TASK DESCRIPTION: Only one span of the material below is wanted. Output it exactly, from the line with "7.3.1 Buy Erin" through the line with "DC connector 走的是", without any pictures.

-- INPUT DATA follows --

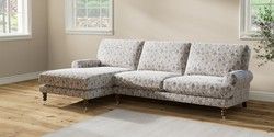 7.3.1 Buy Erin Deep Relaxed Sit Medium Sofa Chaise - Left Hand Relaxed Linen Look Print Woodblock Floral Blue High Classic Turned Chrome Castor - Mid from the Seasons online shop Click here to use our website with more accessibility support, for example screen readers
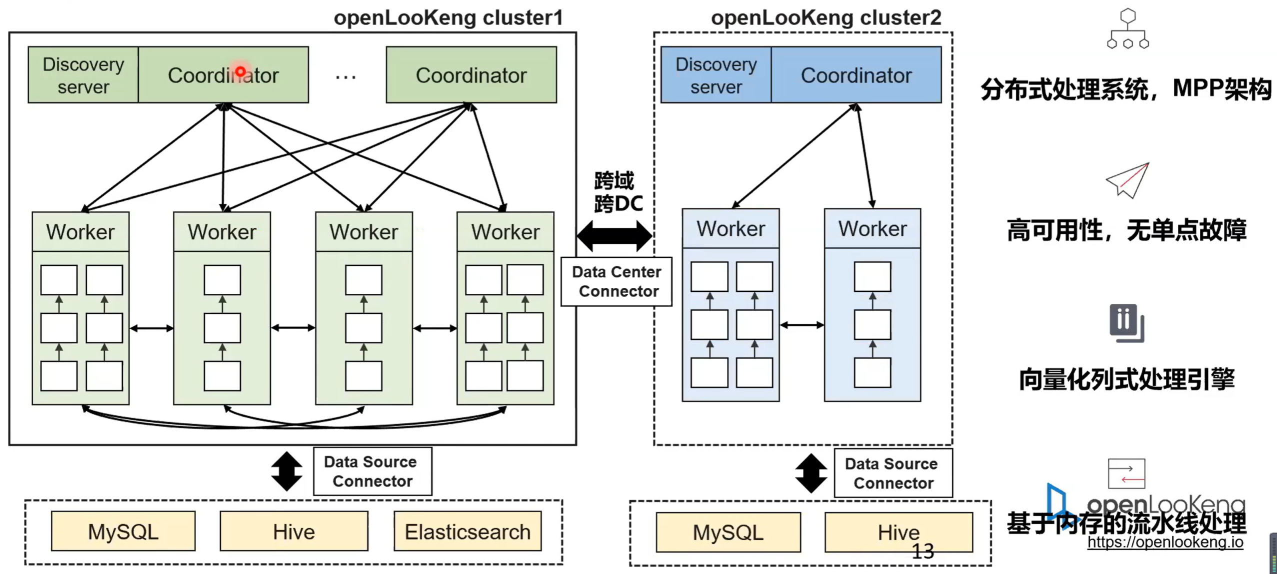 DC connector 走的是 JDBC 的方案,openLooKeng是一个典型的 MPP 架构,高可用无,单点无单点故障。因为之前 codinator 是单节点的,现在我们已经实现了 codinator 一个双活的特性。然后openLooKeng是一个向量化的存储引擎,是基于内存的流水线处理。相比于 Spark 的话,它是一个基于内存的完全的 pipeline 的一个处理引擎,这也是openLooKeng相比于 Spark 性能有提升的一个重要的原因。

-- INPUT DATA concluded --
-- INPUT DATA follows --

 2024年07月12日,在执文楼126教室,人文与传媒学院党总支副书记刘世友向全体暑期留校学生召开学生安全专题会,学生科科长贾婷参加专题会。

-- INPUT DATA concluded --

TASK RESPONSE:
 7.3.1 Buy Erin Deep Relaxed Sit Medium Sofa Chaise - Left Hand Relaxed Linen Look Print Woodblock Floral Blue High Classic Turned Chrome Castor - Mid from the Seasons online shop Click here to use our website with more accessibility support, for example screen readers
 DC connector 走的是 JDBC 的方案,openLooKeng是一个典型的 MPP 架构,高可用无,单点无单点故障。因为之前 codinator 是单节点的,现在我们已经实现了 codinator 一个双活的特性。然后openLooKeng是一个向量化的存储引擎,是基于内存的流水线处理。相比于 Spark 的话,它是一个基于内存的完全的 pipeline 的一个处理引擎,这也是openLooKeng相比于 Spark 性能有提升的一个重要的原因。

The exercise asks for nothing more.